Lorawai sent me the contact information of a potential programmer for my game. Like, I literally had no idea who she was, but she's in my lighting class, and we were in the same group for a class activity, and she randomly hooked me up with this dude she works with. It was so kind of her. I feel indebted to her now, even if this doesn't pan out. But I emailed him today, and I really, really hope he comes through. Because if he doesn't, I'm fucked.

Speaking of lighting, people seemed to like my photos. That was pretty nice. Photography is hard, though, and the way we're learning it in this class is so technical. It's hard to hold all the knowledge in my mind concurrently. My low IQ is to blame.

The 48 hr film fest is legit actually happening. I've come a long ways from my fundrager days.

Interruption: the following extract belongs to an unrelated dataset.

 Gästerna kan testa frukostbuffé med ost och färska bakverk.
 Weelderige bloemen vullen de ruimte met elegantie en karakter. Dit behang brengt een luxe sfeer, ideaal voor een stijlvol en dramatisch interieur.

At noon I went to my art history professor's lecture on Natalism during fin de siecle France. Really interesting. There is so much culture behind the randomest, most quotidian things, like milk, or ballet. She talked about the emergence of the welfare state and its role in motherhood and childhood development. Science as the new mother, instead of the mother herself. I'm really glad I went. Yesterday I went to a consent presentation, and it was really lame and boring and I had four slices of pizza, which I regret. Tomorrow there is a humming thing at lunch, and I haven't decided yet whether I'll attend...it sounds unusual and frightening and honestly a little lame, but maybe I'll check it out. Maybe humming is meditative, in a way. I guess I'm afraid only of being seen humming while reading. Why does it have to be in the main gallery space? Are we an artwork? Is this a performance piece, and am I an unwitting participant?

I don't have much else to say. I miss B. I miss him more every day. Hopefully I don't regress into an emotional hovel like I did at UCLA, but it's a possibility. Unlikely, though, because I have friends now. Hooray for friends! More distractions, more happiness, more opportunities for social eating!